Task objective:
Every entry below is to be returned unchanged. Images are not part of the copy.

Supplied material:
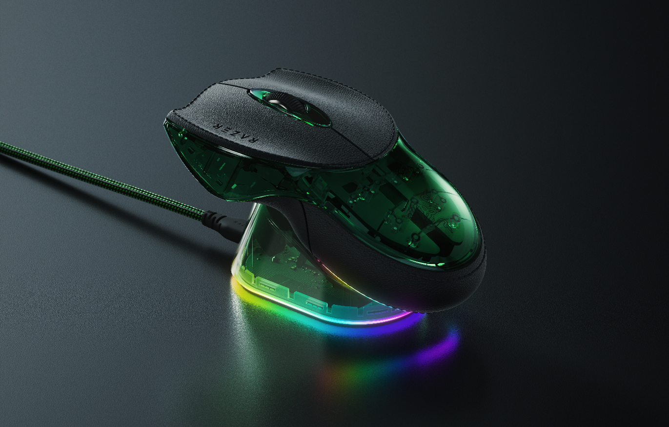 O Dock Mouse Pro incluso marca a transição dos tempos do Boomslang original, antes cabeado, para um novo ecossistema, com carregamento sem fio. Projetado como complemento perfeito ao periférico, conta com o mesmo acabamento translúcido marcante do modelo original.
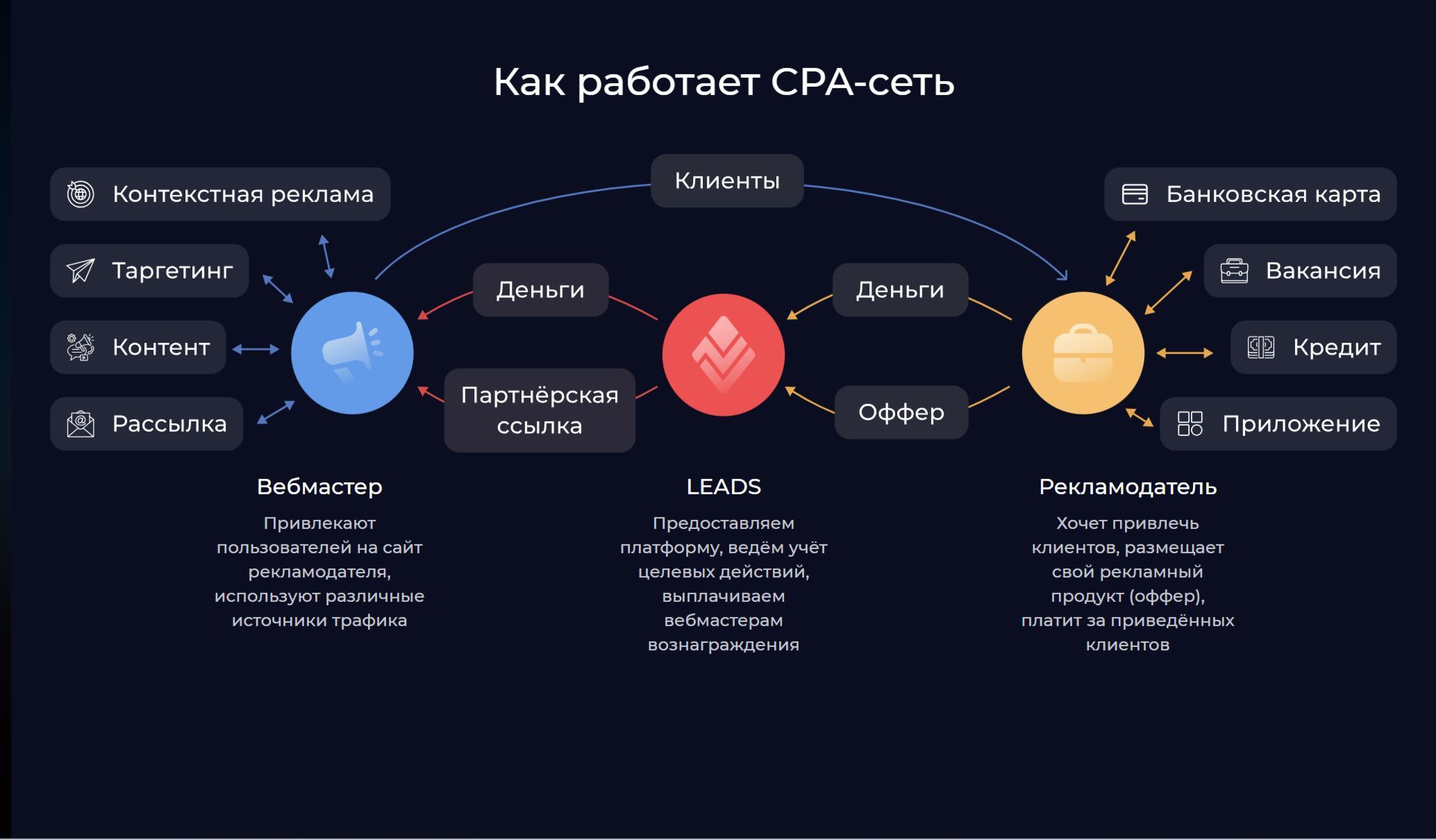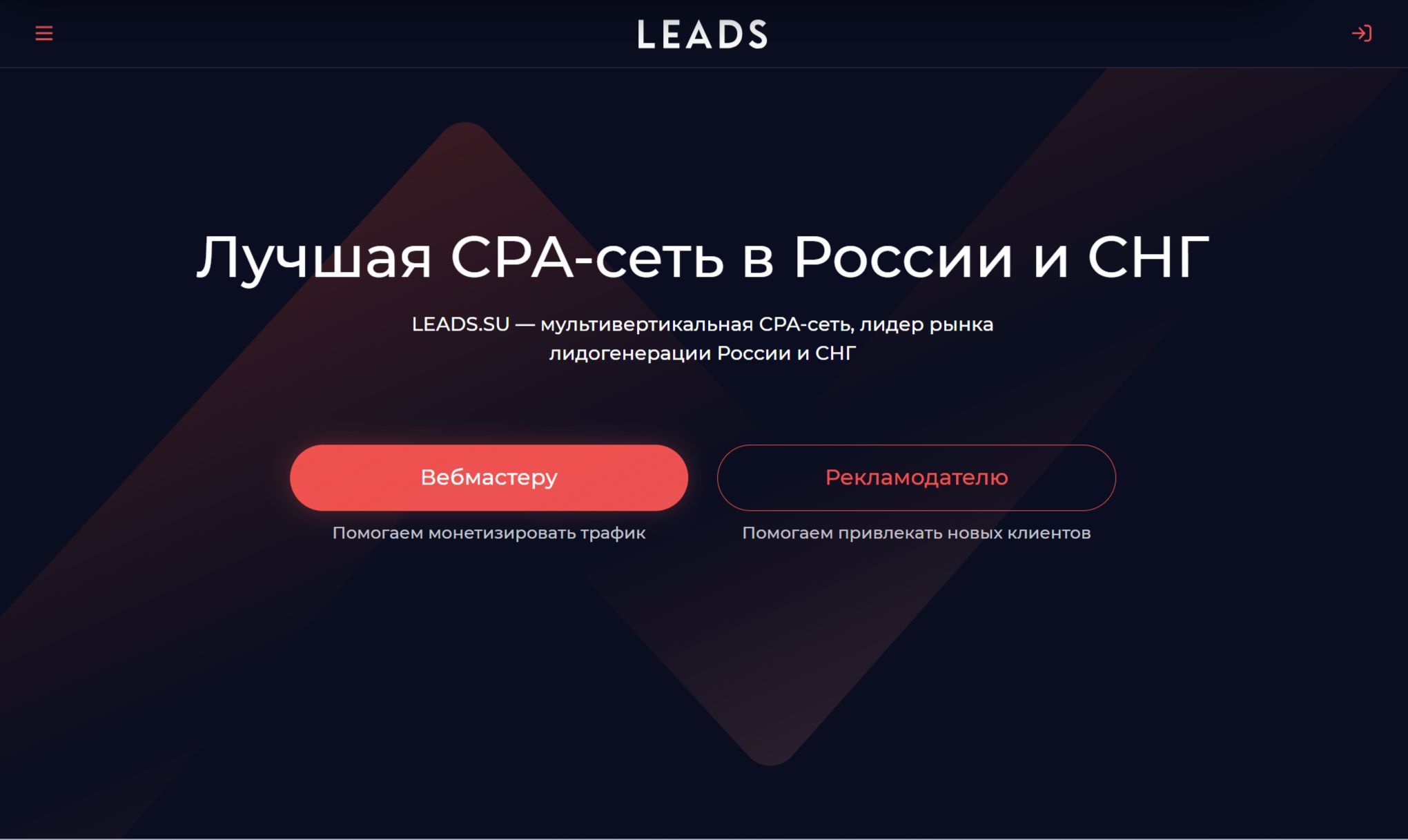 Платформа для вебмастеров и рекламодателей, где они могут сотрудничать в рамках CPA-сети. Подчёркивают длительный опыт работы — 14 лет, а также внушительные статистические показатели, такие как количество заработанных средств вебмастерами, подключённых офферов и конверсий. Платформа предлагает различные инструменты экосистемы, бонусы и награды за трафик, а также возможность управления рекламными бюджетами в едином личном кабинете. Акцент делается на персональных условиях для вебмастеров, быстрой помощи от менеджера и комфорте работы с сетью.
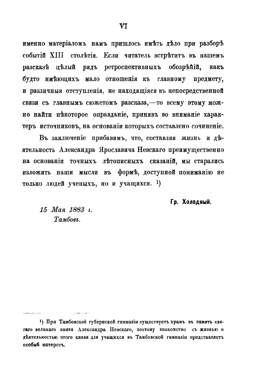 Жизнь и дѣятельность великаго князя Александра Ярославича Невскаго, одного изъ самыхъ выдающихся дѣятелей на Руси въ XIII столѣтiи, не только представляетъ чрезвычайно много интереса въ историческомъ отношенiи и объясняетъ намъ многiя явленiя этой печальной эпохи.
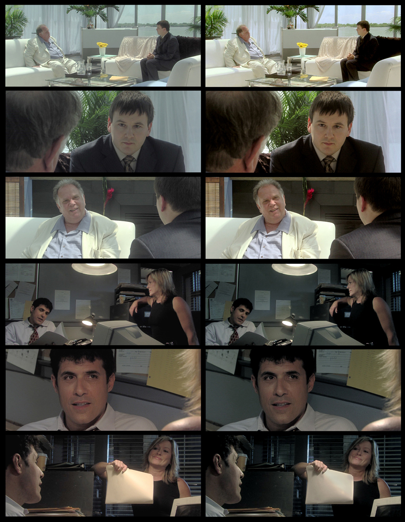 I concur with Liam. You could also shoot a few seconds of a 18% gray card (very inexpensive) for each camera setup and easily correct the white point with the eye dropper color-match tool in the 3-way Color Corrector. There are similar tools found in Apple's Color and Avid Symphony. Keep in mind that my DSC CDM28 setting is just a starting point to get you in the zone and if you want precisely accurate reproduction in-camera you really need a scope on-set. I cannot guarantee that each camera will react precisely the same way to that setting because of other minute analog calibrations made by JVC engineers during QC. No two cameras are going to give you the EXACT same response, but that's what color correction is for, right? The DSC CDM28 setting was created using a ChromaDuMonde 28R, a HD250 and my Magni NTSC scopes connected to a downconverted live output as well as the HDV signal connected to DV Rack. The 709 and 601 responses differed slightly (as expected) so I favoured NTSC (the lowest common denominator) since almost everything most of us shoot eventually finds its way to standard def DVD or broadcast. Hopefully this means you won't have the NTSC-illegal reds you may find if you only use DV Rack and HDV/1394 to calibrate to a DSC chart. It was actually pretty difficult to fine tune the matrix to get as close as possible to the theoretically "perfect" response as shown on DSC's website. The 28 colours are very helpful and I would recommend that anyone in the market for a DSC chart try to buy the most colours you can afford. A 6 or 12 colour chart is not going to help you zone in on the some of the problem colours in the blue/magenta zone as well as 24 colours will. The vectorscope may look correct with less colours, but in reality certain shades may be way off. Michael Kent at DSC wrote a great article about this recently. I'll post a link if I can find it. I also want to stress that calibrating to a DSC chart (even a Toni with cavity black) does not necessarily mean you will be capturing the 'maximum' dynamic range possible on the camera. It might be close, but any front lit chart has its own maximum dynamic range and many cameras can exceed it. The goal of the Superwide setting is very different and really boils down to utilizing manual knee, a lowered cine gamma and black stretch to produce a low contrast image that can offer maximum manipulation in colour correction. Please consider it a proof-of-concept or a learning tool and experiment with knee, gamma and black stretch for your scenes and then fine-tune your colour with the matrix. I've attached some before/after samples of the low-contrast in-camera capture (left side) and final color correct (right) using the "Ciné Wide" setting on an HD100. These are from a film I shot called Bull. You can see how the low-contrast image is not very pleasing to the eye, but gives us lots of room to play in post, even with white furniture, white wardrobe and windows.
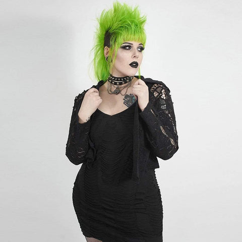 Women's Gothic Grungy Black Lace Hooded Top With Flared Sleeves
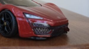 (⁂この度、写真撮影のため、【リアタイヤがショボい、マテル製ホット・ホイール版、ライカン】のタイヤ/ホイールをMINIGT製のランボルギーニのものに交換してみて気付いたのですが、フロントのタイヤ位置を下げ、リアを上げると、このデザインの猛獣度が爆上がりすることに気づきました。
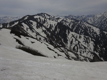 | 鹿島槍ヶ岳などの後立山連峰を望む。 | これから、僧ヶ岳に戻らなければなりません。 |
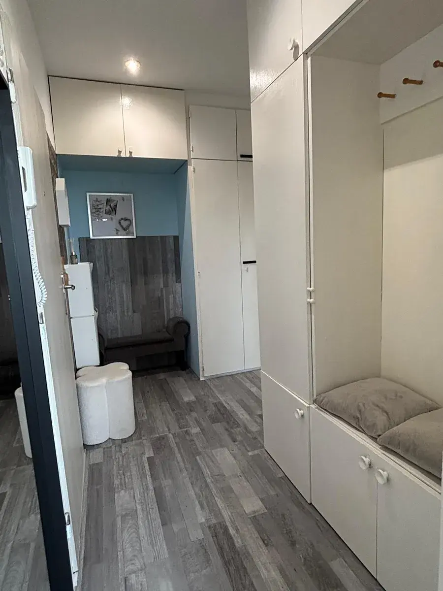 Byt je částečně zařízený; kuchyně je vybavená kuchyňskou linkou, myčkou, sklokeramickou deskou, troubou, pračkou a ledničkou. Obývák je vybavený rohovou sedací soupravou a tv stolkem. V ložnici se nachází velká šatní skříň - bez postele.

Task answer:
 O Dock Mouse Pro incluso marca a transição dos tempos do Boomslang original, antes cabeado, para um novo ecossistema, com carregamento sem fio. Projetado como complemento perfeito ao periférico, conta com o mesmo acabamento translúcido marcante do modelo original.
 Платформа для вебмастеров и рекламодателей, где они могут сотрудничать в рамках CPA-сети. Подчёркивают длительный опыт работы — 14 лет, а также внушительные статистические показатели, такие как количество заработанных средств вебмастерами, подключённых офферов и конверсий. Платформа предлагает различные инструменты экосистемы, бонусы и награды за трафик, а также возможность управления рекламными бюджетами в едином личном кабинете. Акцент делается на персональных условиях для вебмастеров, быстрой помощи от менеджера и комфорте работы с сетью.
 Жизнь и дѣятельность великаго князя Александра Ярославича Невскаго, одного изъ самыхъ выдающихся дѣятелей на Руси въ XIII столѣтiи, не только представляетъ чрезвычайно много интереса въ историческомъ отношенiи и объясняетъ намъ многiя явленiя этой печальной эпохи.
 I concur with Liam. You could also shoot a few seconds of a 18% gray card (very inexpensive) for each camera setup and easily correct the white point with the eye dropper color-match tool in the 3-way Color Corrector. There are similar tools found in Apple's Color and Avid Symphony. Keep in mind that my DSC CDM28 setting is just a starting point to get you in the zone and if you want precisely accurate reproduction in-camera you really need a scope on-set. I cannot guarantee that each camera will react precisely the same way to that setting because of other minute analog calibrations made by JVC engineers during QC. No two cameras are going to give you the EXACT same response, but that's what color correction is for, right? The DSC CDM28 setting was created using a ChromaDuMonde 28R, a HD250 and my Magni NTSC scopes connected to a downconverted live output as well as the HDV signal connected to DV Rack. The 709 and 601 responses differed slightly (as expected) so I favoured NTSC (the lowest common denominator) since almost everything most of us shoot eventually finds its way to standard def DVD or broadcast. Hopefully this means you won't have the NTSC-illegal reds you may find if you only use DV Rack and HDV/1394 to calibrate to a DSC chart. It was actually pretty difficult to fine tune the matrix to get as close as possible to the theoretically "perfect" response as shown on DSC's website. The 28 colours are very helpful and I would recommend that anyone in the market for a DSC chart try to buy the most colours you can afford. A 6 or 12 colour chart is not going to help you zone in on the some of the problem colours in the blue/magenta zone as well as 24 colours will. The vectorscope may look correct with less colours, but in reality certain shades may be way off. Michael Kent at DSC wrote a great article about this recently. I'll post a link if I can find it. I also want to stress that calibrating to a DSC chart (even a Toni with cavity black) does not necessarily mean you will be capturing the 'maximum' dynamic range possible on the camera. It might be close, but any front lit chart has its own maximum dynamic range and many cameras can exceed it. The goal of the Superwide setting is very different and really boils down to utilizing manual knee, a lowered cine gamma and black stretch to produce a low contrast image that can offer maximum manipulation in colour correction. Please consider it a proof-of-concept or a learning tool and experiment with knee, gamma and black stretch for your scenes and then fine-tune your colour with the matrix. I've attached some before/after samples of the low-contrast in-camera capture (left side) and final color correct (right) using the "Ciné Wide" setting on an HD100. These are from a film I shot called Bull. You can see how the low-contrast image is not very pleasing to the eye, but gives us lots of room to play in post, even with white furniture, white wardrobe and windows.
 Women's Gothic Grungy Black Lace Hooded Top With Flared Sleeves
 (⁂この度、写真撮影のため、【リアタイヤがショボい、マテル製ホット・ホイール版、ライカン】のタイヤ/ホイールをMINIGT製のランボルギーニのものに交換してみて気付いたのですが、フロントのタイヤ位置を下げ、リアを上げると、このデザインの猛獣度が爆上がりすることに気づきました。
 | 鹿島槍ヶ岳などの後立山連峰を望む。 | これから、僧ヶ岳に戻らなければなりません。 |
 Byt je částečně zařízený; kuchyně je vybavená kuchyňskou linkou, myčkou, sklokeramickou deskou, troubou, pračkou a ledničkou. Obývák je vybavený rohovou sedací soupravou a tv stolkem. V ložnici se nachází velká šatní skříň - bez postele.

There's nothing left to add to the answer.